Alana tam anlamıyla girmeye yüksek lisans zamanı karar verdim. Dersler arasında "Etik Hackerlık" diye bir ders vardı ve dersteki her şeyi önceden bildiğimi fark ettim. Kısacası önceden bildiğim ve tutkuyla araştırdığım tekniklerin bir mesleğe dönüştüğünü gördüğümde anladım ki ben bu iş için doğmuşum. Hocamla birlikte de mezun olunca adli bilişim ve sızma testleri üzerinde çalışmaya başladım. Baktım ben çok mutluyum ve bu meslek tam benlik; daha da ileri gitmek için her akşam videolar izledim, kendi notlarımı tuttum, kendi laboratuvarımı kurdum ve üzerinde ne gördüysem üşenmeyip uyguladım. Sonra fark edildim ve hala buradayım.
İlham aldığım kişiler konusunda gelirsek, başlarda hep abimi rol model olarak aldım. Benden 9 yaş büyük olduğu için evdeki ilk bilgisayar da onundu. (Not: 90'larda bilgisayar sahibi olmak bir lükstü unutmayın!) O da öyle seviyordu ki bu işleri, ev "PC World" ve "Chip" dergileriyle dolup taşardı. Hatta çok sevimli şekilde dergilerden Linux kurulum CD'leri bile çıkardı. Ben de okuma yazma öğrendiğim gibi onlara dalmıştım. En sevdiğim küçüklük anılarım sanırım hep abimle oldu. Bana 8 yaşında alınan ilk toplama masaüstü bilgisayarını kurmamız, evde kablosuz internet yokken komşunun wi-fi parolasını Backtrack (artık Kali olarak biliyoruz) ile kırmaya çalışmalarımız, Limewire'dan müzik diye saçma virüsler kapıp abimin bilgisayarımı sabaha kadar formatlamasını izlediğim utanç kaynağı günlerim ve bunun gibi anılar beni sektöre hazırlayan temel anılar oldu. Büyüdükçe her şeyi daha rahat kavrıyor ve uyguluyordum bu sayede.
6) Mesleğinizin zor yönleri var mı? Varsa neler?

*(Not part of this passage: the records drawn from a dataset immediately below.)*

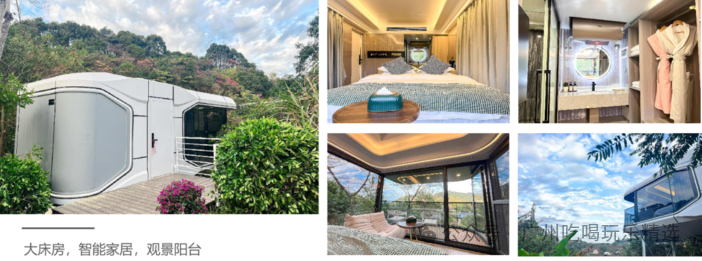 民宿系列分帐篷木屋、房车营地、鸟巢铝屋、梯田木屋、微宿太空舱等多种类型,视野开阔,环境绝佳,在安静的山谷中,配以现代化的各类设施硬件和专业化管理服务。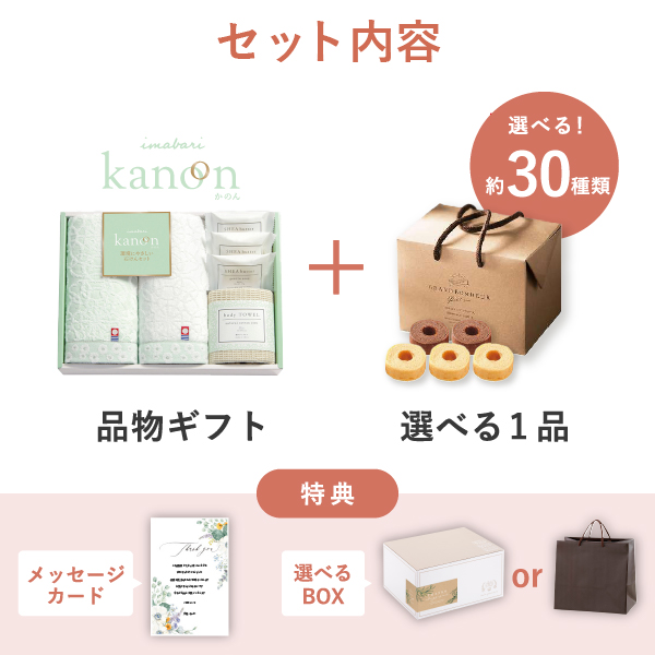 品物ギフト「今治かのん」と食品ギフトをセットにした、お祝いや内祝い・お祝い返しに人気のギフトセットです。
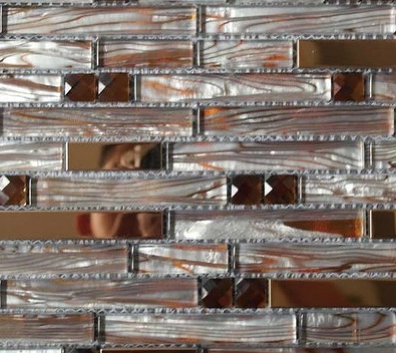 Brown Glass And Stainless Steel Silver Mosaic Wall Tile Backsplash
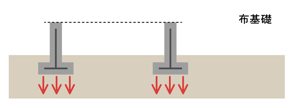 布基礎も家の基礎の一種で、こちらは複数の鉄筋コンクリートの柱で家を支える基礎です。底面全てを使って支えるベタ基礎と比べ、いわば「点」で家の重さを支えるため、重さが柱の部分に集中するため、ベタ基礎と比べて耐震性では不利に。また、ベタ基礎と比較すると湿気やシロアリの被害を受けやすいと言われています。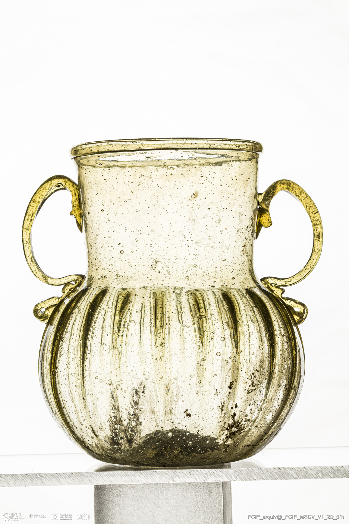 Matéria/Técnica: Vidro; Cronologia: Século XVII; Autoria: Desconhecida; Dimensões: Diâmetro bordo: 78mm; Diâmetro: 121mm Diâmetro base: 60mm; Altura: 120mm.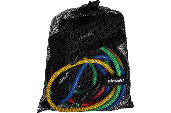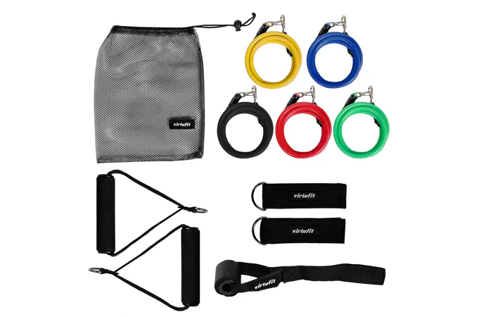 Sada cvičebních gum VirtuFit Resistance Kit - 11 je ideální pro trénink s odporem s možností tuhosti expanderu. VirtuFit Resistance Kit obsahuje: 5x odporová guma, 2 - úchyty na ruce, 2 - úchyty kotníku, 1 - upevnění na dveře. Každá dvojice gum má jinou tuhost, která vám umožní vybrat různé úrovně intenzity cvičení. Na každé z gum může být rukojeť, což umožňuje realizaci komplexního tréninku všech svalových skupin.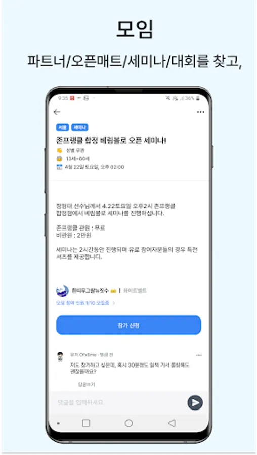 - Meetings: Create jiu-jitsu meetings with various themes such as partners/open mats/seminars/contests! You can set various items such as date, region, gender, and age.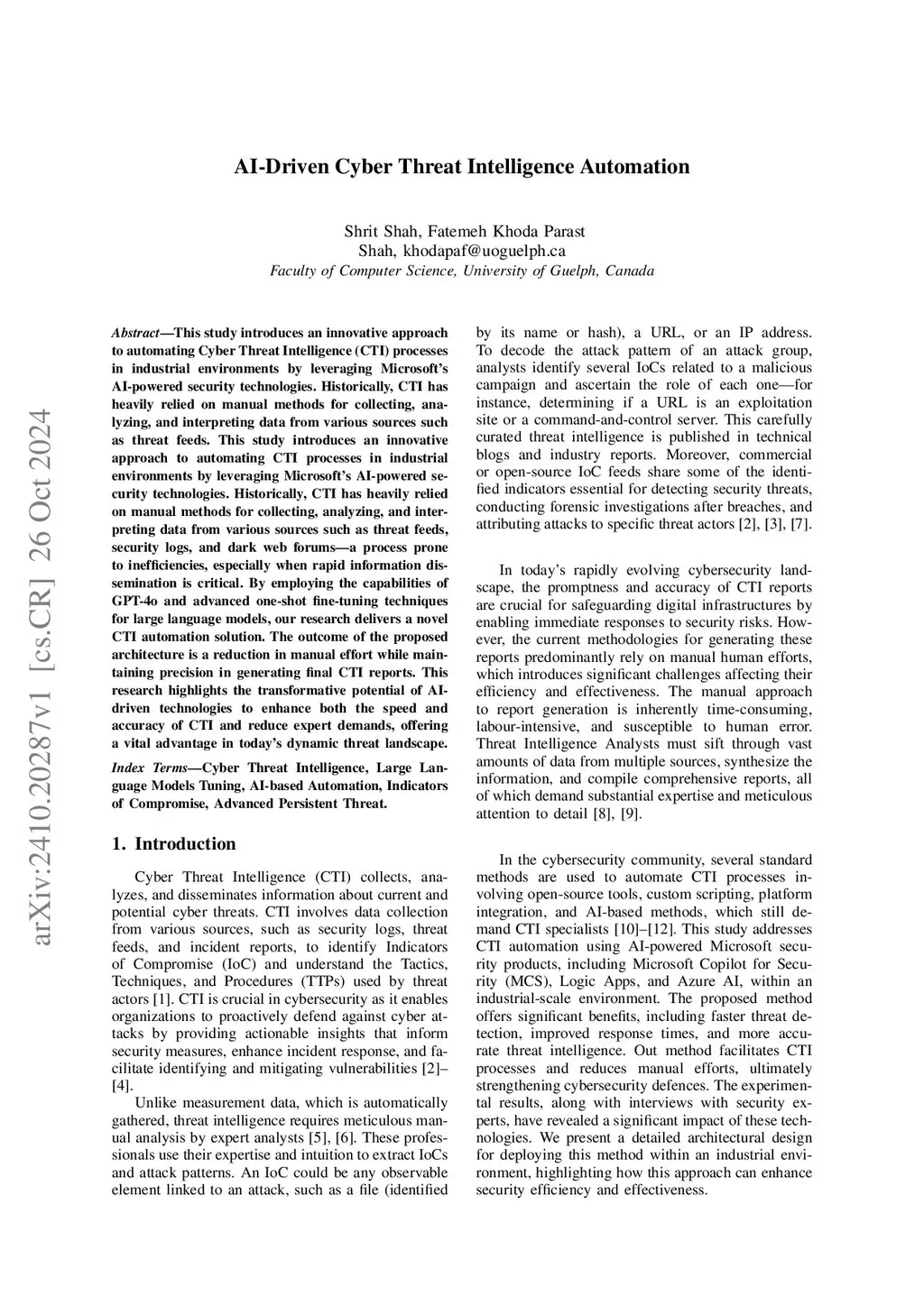 This study introduces an innovative approach to automating Cyber Threat Intelligence (CTI) processes in industrial environments by leveraging Microsoft's AI-powered security technologies. Historically, CTI has heavily relied on manual methods for collecting, analyzing, and interpreting data from various sources such as threat feeds. This study introduces an innovative approach to automating CTI processes in industrial environments by leveraging Microsoft's AI-powered security technologies. Historically, CTI has heavily relied on manual methods for collecting, analyzing, and interpreting data from various sources such as threat feeds, security logs, and dark web forums -- a process prone to inefficiencies, especially when rapid information dissemination is critical. By employing the capabilities of GPT-4o and advanced one-shot fine-tuning techniques for large language models, our research delivers a novel CTI automation solution. The outcome of the proposed architecture is a reduction in manual effort while maintaining precision in generating final CTI reports. This research highlights the transformative potential of AI-driven technologies to enhance both the speed and accuracy of CTI and reduce expert demands, offering a vital advantage in today's dynamic threat landscape.
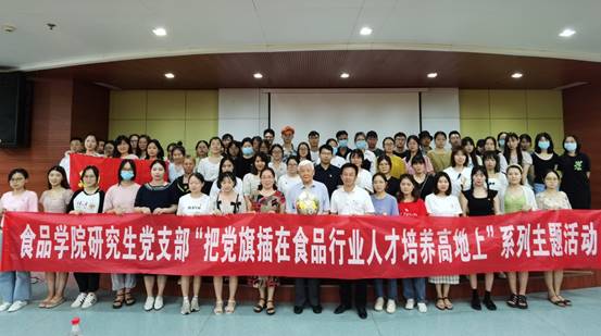 7月15日下午,食品学院研究生党支部于金银湖校区图书馆二楼学术报告厅举行“把党旗插在食品行业人才培养高地上”系列主题活动。此次活动邀请到了中国油脂行业泰斗、中国粮油学会首席专家、油脂分会会长王瑞元先生进行了题为“刻苦钻研,立志早日为中国粮油行业的发展多作贡献”的报告。食品学院党委书记王宏光、食品学院研究生党支部全体党员参加了本次活动。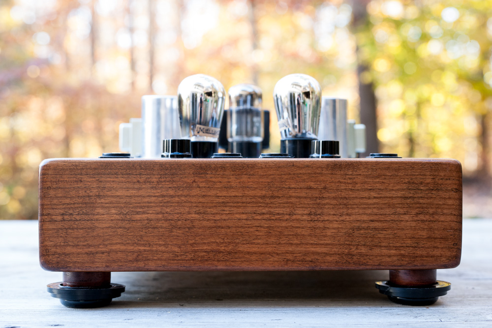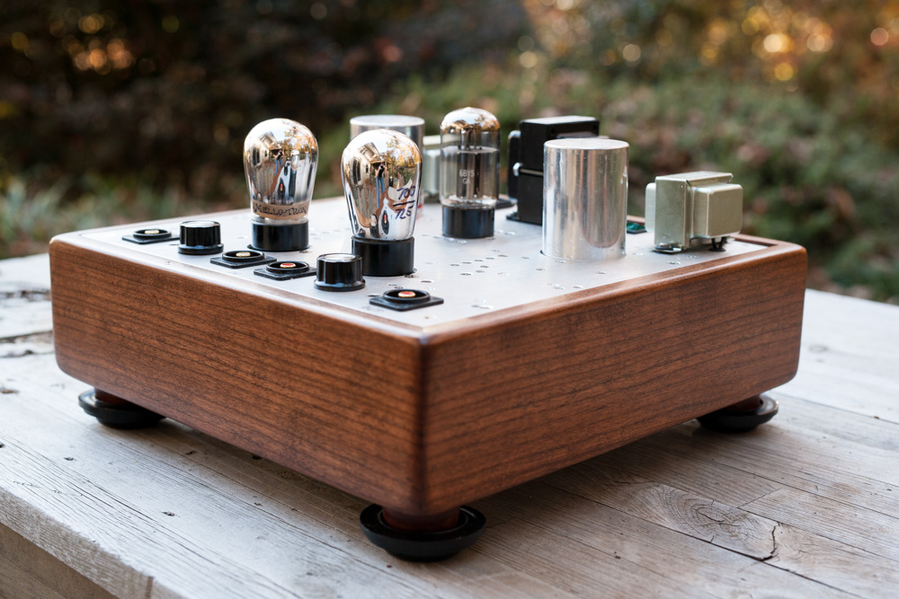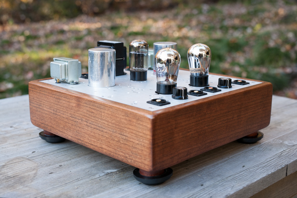 Because of the extreme microphonics associated with the UX201a, some sort of isolation is essential with these tubes. Here I'm using foot damers to protect the amplifier from surface shocks. Believe it or not this makes a marked improvement with the UX201a tube. |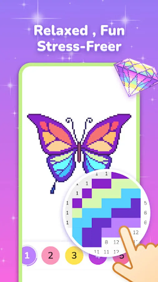 ✔ Coloring by number is simple. Browse pictures, then just tap a color number, and start painting the image. You will always know what color to use and where while playing Pixe coloring games.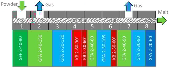 - Kohlgrüber, K.; Bierdel, M. Co-Rotating Twin-Screw Extruders: Fundamentals, Technology, and Applications; Carl Hanser Publishers: Cincinnati, OH, USA; Hanser Gardner Publications: Munich, Germany, 2008; Volume 13, p. 354. [Google Scholar]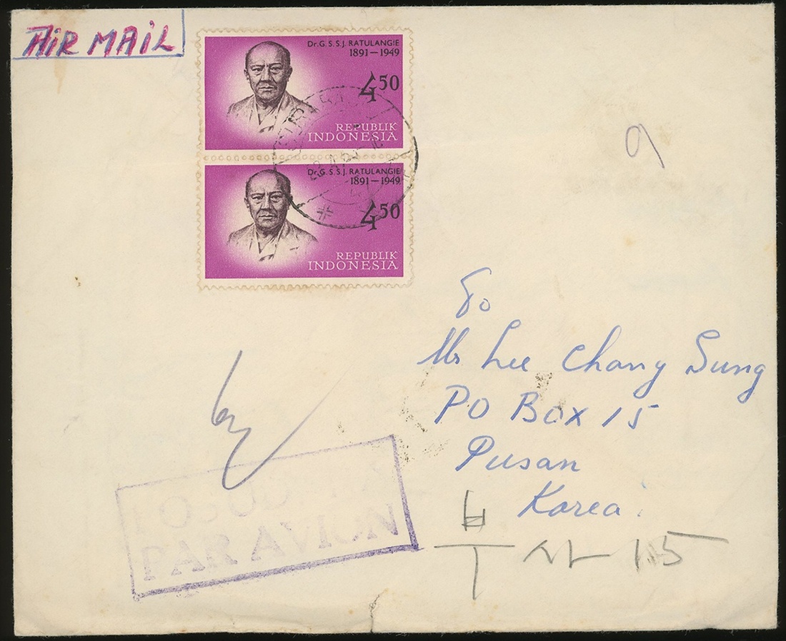 1963 (23 Apr.) an air mail cover from Indonesia to Korea via Taipei (26.4.).
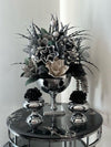 Yapay Çiçekli Gümüş Kare Ayak Vazo 3 Parça Set No:2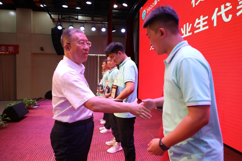 他对毕业生寄予殷切希望。希望同学们永葆家国情怀,做坚定的爱国者。希望大家厚植爱国主义情怀,将个人命运与国家民族命运紧密联系起来,在为国家、民族、人民的奋斗中实现自己的人生价值,书写精彩人生,在忠诚担当中展现个人作为,用昂扬向上的行动彰显爱国情、强国志、报国行。希望同学们修炼人生格局,做理性的选择者。希望大家进入社会以后能够不断修炼格局、坚定自我认知,发现内心热爱,有能力选择适合自己、能够发挥自己特长的发展领域。学校也愿意为大家搭建终身学习和交流的桥梁,永远做同学们坚强的后盾。希望同学们永怀励志之情,做不懈的奋斗者。希望大家以实现中华民族伟大复兴为己任,勇做走在时代前列的奋进者、开拓者、奉献者,在青春的赛道上奋力跑出最好成绩。同学们要坚定“不唯学历凭能力”“行行出状元”的自信,用丰富的知识、过硬的本领、勤劳的双手和扎实的行动,创造自己不凡的未来。希望同学们永存求真之心,做明理的学习者。希望大家在未来岗位上能有一颗求真之心,虚心向师傅请教、向同事学习,永远保持“人间清醒”,拒绝“终点线”心态,立足岗位,勤学苦练,终身学习,永远进步。希望同学们永远知行合一,做勇敢的实干者。愿大家在青春的洪流中昂扬奋进,努力活出属于自己的“限量版人生”!以实际行动向全社会诠释职教人的“前途广阔、大有可为”,谱写事业的成功之歌。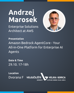 Predavanje na temu platforme za korporacijske AI agente Amazon Bedrock AgentCore održat će Andrzej Marosek iz AWS-a.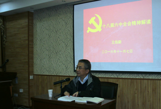 2016年11月7日晚,在文华楼205报告厅,王焰新校长讲授党课,解读党的十八届六中全会精神。环境科学与工程系党支部全体党员、吃瓜网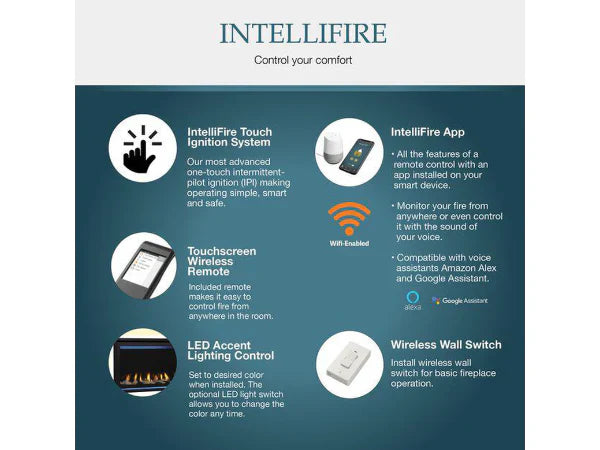 - IntelliFire® Touch Ignition: Choose your preferred control method—touchscreen remote, wireless wall switch, or IntelliFire® mobile app.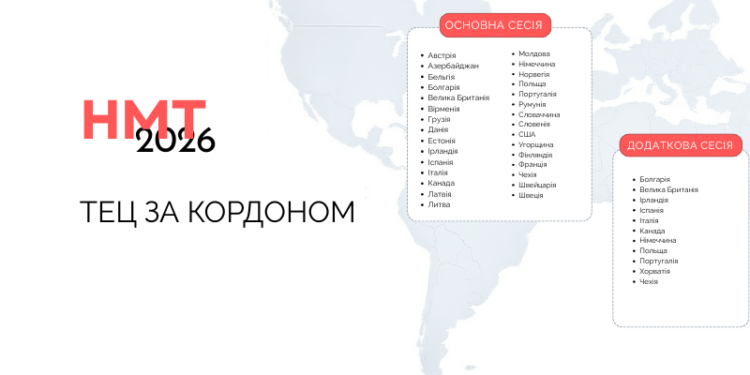 Українські абітурієнти за кордоном зможуть складати НМТ-2026 у 30 країнах світу. Тестування відбудеться в спеціально обладнаних центрах із українськомовними педагогами.
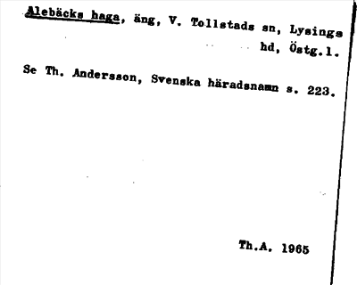 Information om ortnamnet Alebäcks haga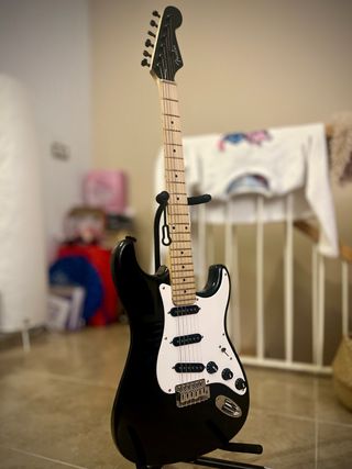 Guitarra eléctrica Squier modelo Strat by Fender. Está en muy buen estado y lista para tocar. - Incluye una guitarra eléctrica Squier Stratocaster. - Color negro brillante. - Mástil de madera de arce. - Pastillas de bobina simple.

İşin gerekliliği dolayısıyla yoğun şekilde çalışıyorum, bazen kendimle veya sevdiklerimle ilgilenecek zamanı bulamıyorum, hatta geceleri uykusuz geçirebiliyorum. Hele yoğun çalışan bir kadın olarak evin temizliği, yemeği derken bazen çok strese girebiliyorum. Tabii şans, yoğunken yemek yapmaya vakit bulamadığımda "ben dışarıdan 3-5 lahmacun söyledim bile" diyen bir sevdiğim var. O da bu sektörde olduğu için beni çok iyi anlıyor neyse ki! (Selam Emre! 😊)
7) Sizce siber güvenlik alanında kariyer yapmak isteyen biri nereden başlamalıdır? Hangi yetkinliklere sahip olmalıdır?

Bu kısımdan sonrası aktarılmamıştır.